Additive Manufacturing (AM) has been identified as a disruptive technology which
must to be exploited by the UK’s key industrial sectors such as aerospace, medical
and creative technologies to remain internationally competitive. This project
aims to address several operational challenges facing the developers and users of
the technology using high-fidelity numerical simulations as an effective research
tool. However, to perform the simulations at operating conditions substantial
computational resources are required which can only be provided by state-of-the-
art facilities such as the ARCHER National Supercomputer. This project aims
1. to minimise the need for expensive trial and error procedures in laser sintering (a large scale AM technique), increase the production rate and repeatability of the process. This will be achieved by a detailed characterisation of the production process to identify the effects of device operating conditions on the integrity of product.
2. to design a new class of spreader devices for the Laser Sintering (LS) process. Two devices are commonly used for the particle spreading: rollers and blades. Rollers are generally more flexible and result in higher product quality; however, they are patented. The blades on the other hand, are available at the cost of a lower product quality or a more expensive calibration procedure. A new class of potentially patentable blade spreader will be developed by optimising the blade’s head profile.

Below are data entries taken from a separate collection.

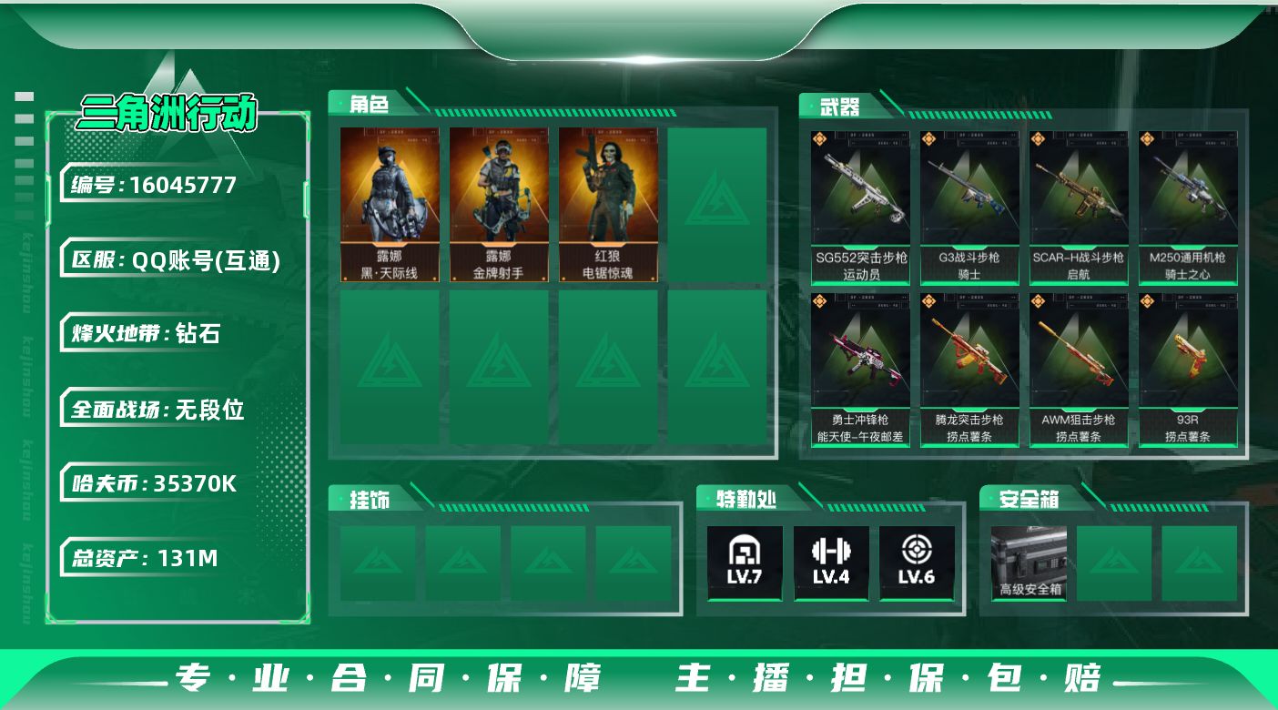 [16045777]【特价出售/店主推荐】131m总资产-35370k哈伏币-60烽火等级-钻石-5战场等级-无军衔 【干员外观】:露娜-黑·天际线,红狼-电锯惊魂,露娜-金牌射手 【近战皮肤】:近战-黑鹰 【传说外观】:M4A1突击步枪-阿米娅,SG552突击步枪-运动员,SCAR-H战斗步枪-启航,G3战斗步枪-骑士,CAR-15突击步枪-阿米娅,腾龙突击步枪-捞点薯条,勇士冲锋枪-能天使-午夜邮差,M250通用机枪-骑士之心,AWM狙击步枪-捞点薯条,93R-捞点薯条,复合弓-黑·天际线 【史诗外观】:ASh-12战斗步枪-无极限,AUG突击步枪-蝮蛇,M7战斗步枪-百步穿杨,G3战斗步枪-流沙送葬,AS Val突击步枪-百步穿杨,腾龙突击步枪-猎鳄行动,K437突击步枪-守护者,MP5冲锋枪-战术竞备,MP5冲锋枪-竞技风,P90冲锋枪-莫斯提马,Vector冲锋枪-百步穿杨,Vector冲锋枪-异域战争,SR-3M紧凑突击步枪-战术竞备,勇士冲锋枪-工业狂潮,MP7冲锋枪-守护者,Mini-14射手步枪-守护者,SVD狙击步枪-阿萨拉工艺,SV-98狙击步枪-林中猎手,SV-98狙击步枪-囚徒,M700狙击步枪-蝮蛇,M700狙击步枪-百步穿杨,AWM狙击步枪-无极限,AWM狙击步枪-流沙送葬,沙漠之鹰-曙光,复合弓-守护者 【稀有外观】:M4A1突击步枪-繁盛,AKM突击步枪-战术演练,AKM突击步枪-肃杀,QBZ95-1突击步枪-公平竞技,ASh-12战斗步枪-繁盛,M7战斗步枪-捣蛋鬼,SCAR-H战斗步枪-荣耀列队,SCAR-H战斗步枪-黄昏,G3战斗步枪-战术演练,G3战斗步枪-主宰,MP5冲锋枪-弄臣,MP5冲锋枪-哈夫克卫队,P90冲锋枪-黄昏,P90冲锋枪-捣蛋鬼,Vector冲锋枪-先锋,UZI冲锋枪-亚特兰蒂斯,野牛冲锋枪-前沿科技,SMG-45-行动开启,SMG-45冲锋枪-幻影结构,SMG-45冲锋枪-天网,勇士冲锋枪-主宰,勇士冲锋枪-冰天雪地,MP7冲锋枪-钢铁之躯,M1014霰弹枪-幻影结构,S12K霰弹枪-战术演练,QJB201轻机枪-黄昏,QJB201轻机枪-哈夫克卫队,Mini-14射手步枪-荣耀列队,SKS射手步枪-弄臣,SR-25射手步枪-开拓,SR-9射手步枪-街头涂鸦,PSG-1射手步枪-主宰,G18-星链科技,G18-哈夫克航天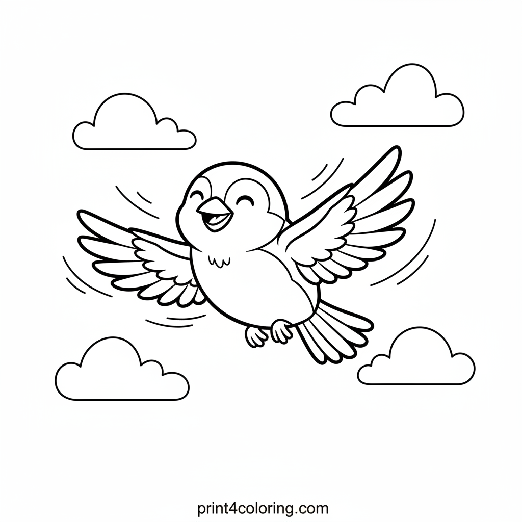 Witness the joy of a happy sparrow taking flight! Its wings are fully spread as it soars gracefully through the air, carried by a gentle breeze. Simple, fluffy clouds dot the background, creating a peaceful scene. Bring this little bird's airborne adventure to life with your colors.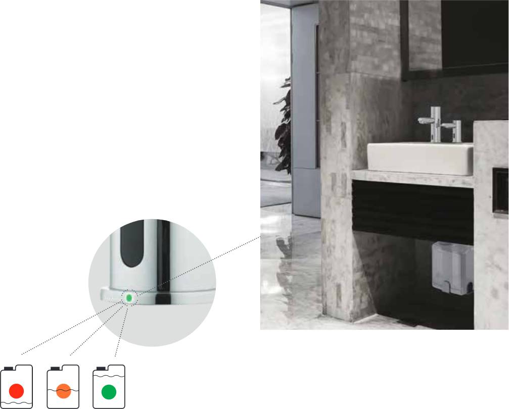 A small LED light in the body of the dispenser lights up green when the soap tank is full, orange when the soap level is low, and red when a refill is needed.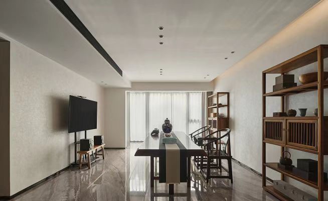 使用可自由移动的电视机,可切换不同的生活场景;使用形态简洁清秀的酸枝木家具,同时又打破了传统的客厅布局,以茶桌代替沙发;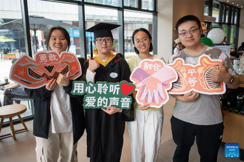 Dou Lingyun (2o à esquerda), formado em bioengenharia pela Universidade de Ciência e Tecnologia de Huazhong, posa para uma foto de grupo com colegas de classe num café Starbucks em Wuhan, província de Hubei, centro da China, em 18 de junho de 2024. (Foto: Wu Zhizun/Xinhua)

3. to provide a predictive numerical tool to quantitatively link the bed quality to the integrity of manufactured parts. Although, the qualitative relation between the two is understood, currently a lack of mathematically sound predictive tools is contributing to low process yields. A high fidelity grain-scale sintering model will be integrated with a discrete element (DEM) code to provide a consistent framework to fill this gap.
The project was considered for allocation of resources on the National Supercomputer ARCHER by the Engineering and Physical Research Council Resource Allocation Panel (EPSRC RAP), on 13 July 2016 and was allocated 11843 kAu (equivalent to approximately 790,000 CPU hours).